About this task:
Everything from the line with "삼겹살 데이를 맞아 곳곳에서는 돼지고기 할인 행사가 펼쳐지고 있습니다." down to the line with "活気あるホーカーの雰囲気は、シンガポールの夜を象徴するものです。" below must be printed exactly, those two lines included. Exclude pictures.

:: Records to process

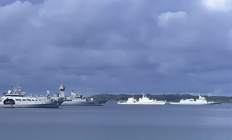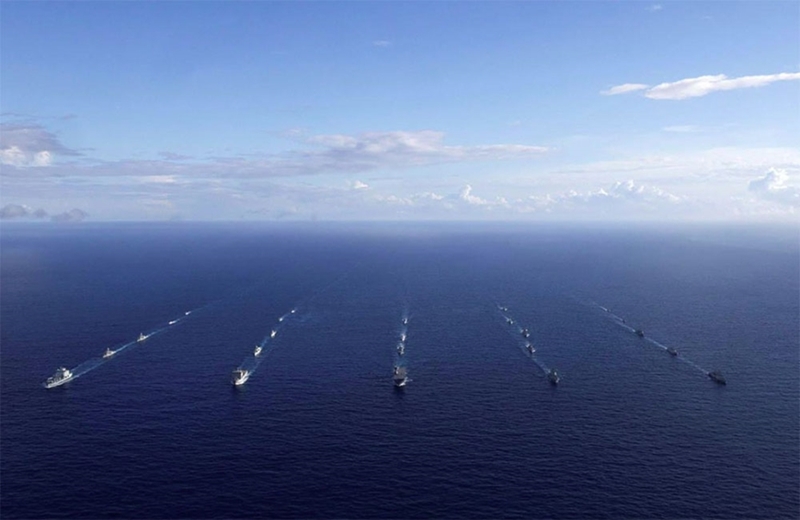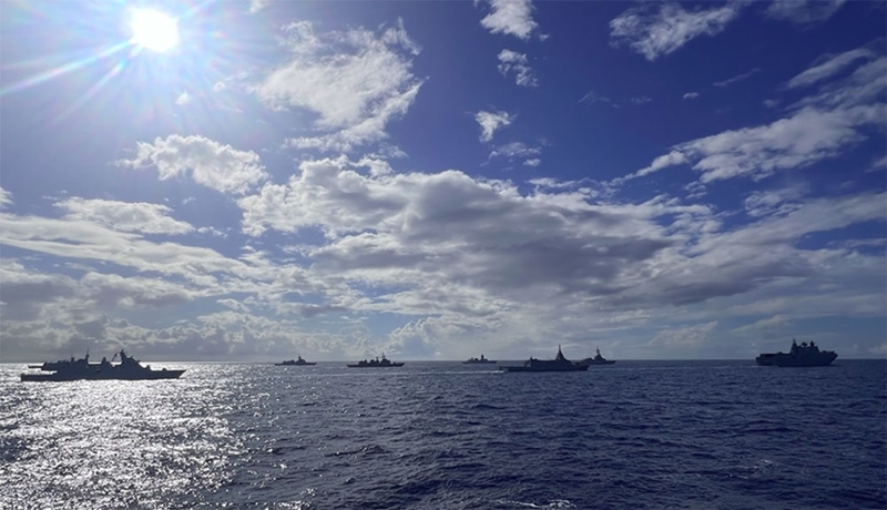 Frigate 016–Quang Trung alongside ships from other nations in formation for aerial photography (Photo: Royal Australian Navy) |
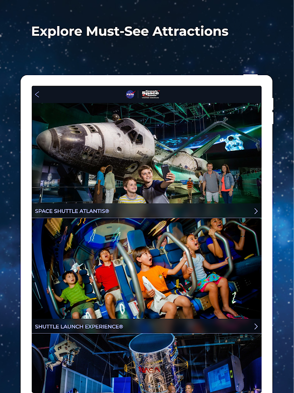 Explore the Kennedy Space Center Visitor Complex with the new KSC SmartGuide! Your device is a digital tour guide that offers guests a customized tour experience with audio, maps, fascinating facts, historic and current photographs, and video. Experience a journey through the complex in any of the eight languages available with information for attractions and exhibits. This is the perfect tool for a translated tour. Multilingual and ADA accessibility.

::::
:: Records to process

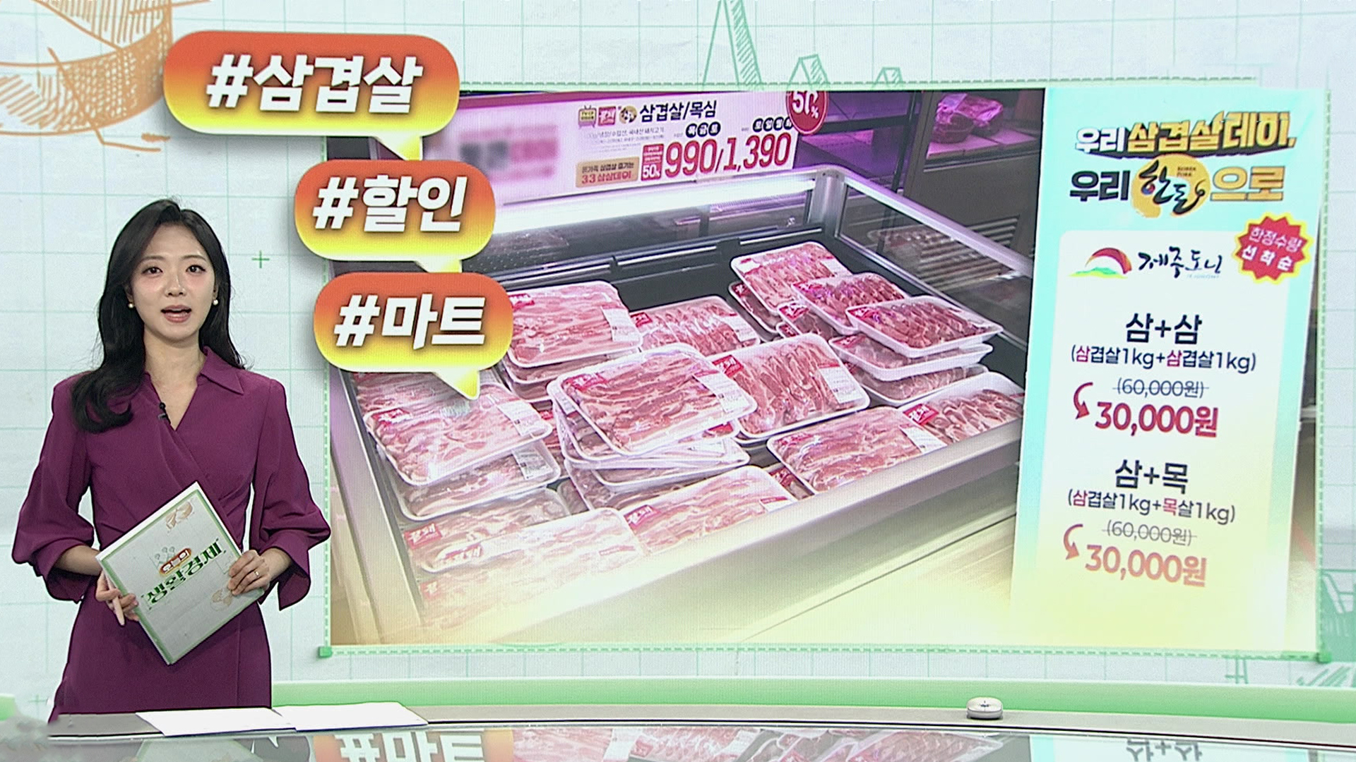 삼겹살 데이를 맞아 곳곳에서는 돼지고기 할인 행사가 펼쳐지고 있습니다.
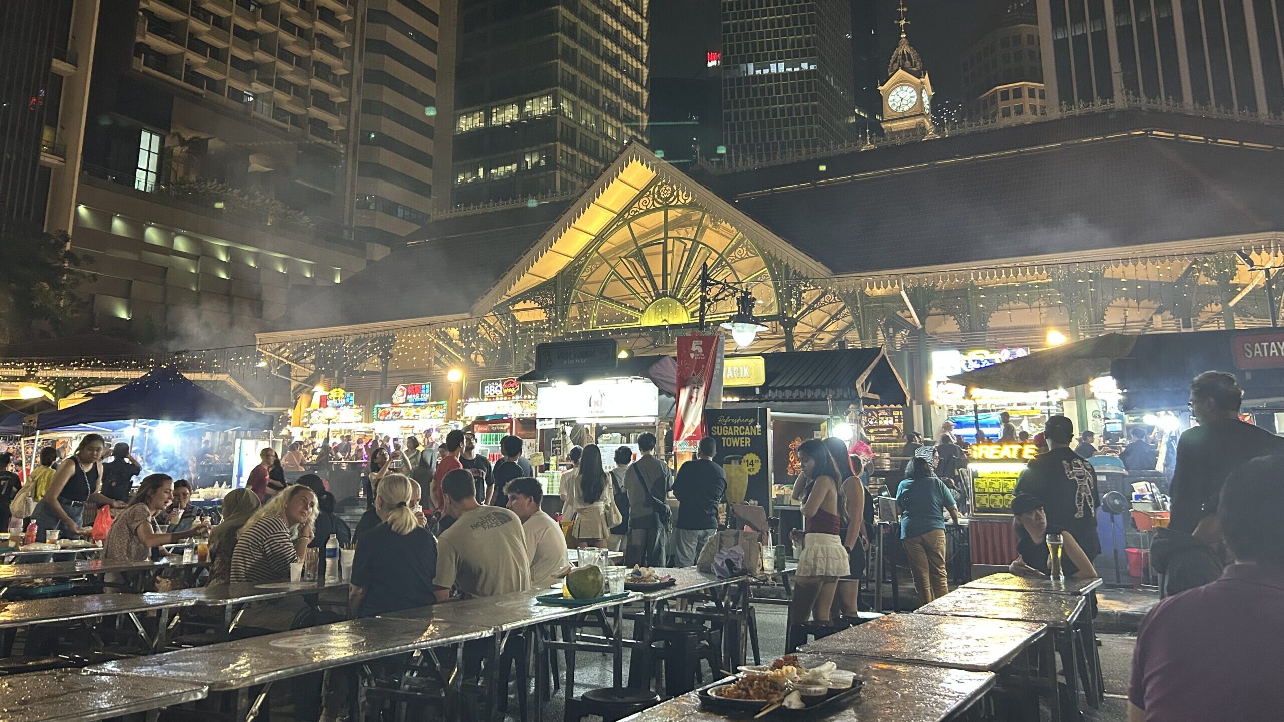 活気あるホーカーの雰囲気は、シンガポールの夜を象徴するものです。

::::

Expected output:
 삼겹살 데이를 맞아 곳곳에서는 돼지고기 할인 행사가 펼쳐지고 있습니다.
 活気あるホーカーの雰囲気は、シンガポールの夜を象徴するものです。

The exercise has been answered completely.